“The Word of God is not rightly divided between Law and Gospel when there is a disposition to offer the comfort of the Gospel only to those who have been made contrite by the Law.”
Any reader already knows the truth of it.
Adverbs are the tell of every found-out liar. I whole-heartedly apologize for any offense I might have caused…
Adverbs are the trademark of every dime-per-word pulp fiction story.
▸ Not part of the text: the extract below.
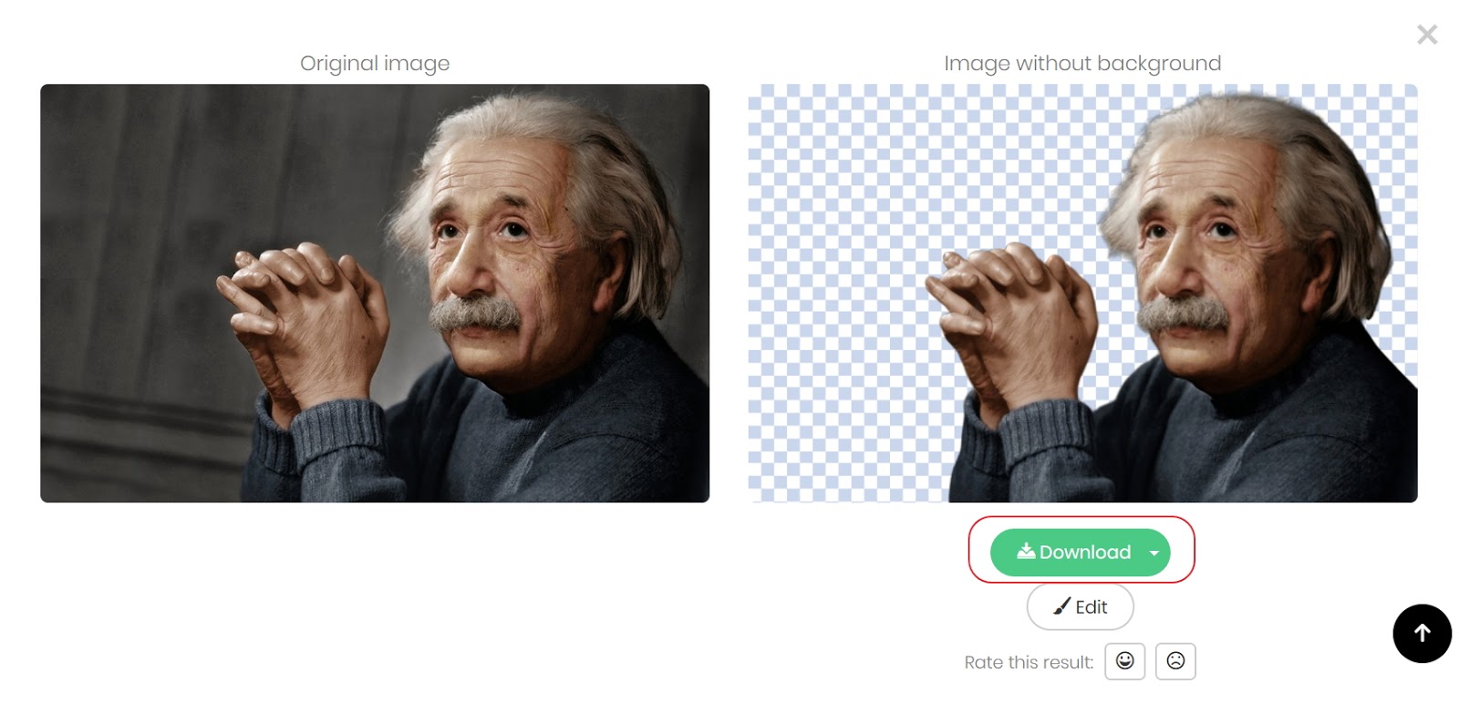 3. 圖片上傳後不久你就會看到這個畫面,可以預覽去背前與去背後的效果。沒問題的話按下「Download」就能把去背完成的圖片下載回來,因為這是免費版的操作,所以圖片寬度會限制在640px。

Sam Spade braced the suspect’s shoulders menacingly.
Notice, no children’s book worth the encroachment into bedtime employs the little modifiers that most often end in -ly, not because Timmy can’t handle sounding-out “swiftly” but because adverbs aren’t needed for a good and true story.
In case you were sleeping boorishly in high school English class, Stephen King helpfullyexplains:
Adverbs … are words that modify verbs, adjectives, or other adverbs. They’re the ones that usually end in -ly. Adverbs, like the passive voice, seem to have been created with the timid writer in mind.
With adverbs, the writer usually tells us he or she is afraid he/she isn’t expressing himself/herself clearly, that he or she is not getting the point or the picture across.
In On Writing Stephen King asserts that “Fear is at the root of most bad writing.” The fingerprints of the fearful writer are adverbs.
Thank Christ whoever crafted the wedding vows— Thomas Cranmer, I believe— had the cahones to avoid the adverbial. Consider how the common, seemingly harmless little adverb transforms the marriage covenant from a clear and simple (if terrifying) promise into a Sisyphean endeavor I can never know if I’m upholding aright.
Will you love her, comfort her, honor and keep her, in sickness and in health; and, forsaking all others, be faithful to her as long as you both shall live?
vs.
Will you sincerely love her, whole-heartedly comfort her, genuinely honor and keep her, in sickness and in health; and, resolutely forsaking all others, be faithful to her as long as you both shall live?
The former is merely an enormous and outrageous promise.
The latter is psychological torture.
Implied by and requisite to the gospel is that neither my will nor the rest of me is free.
Consequently, I am a stranger to myself.
Most especially am I in the dark as to the truth of my motivations.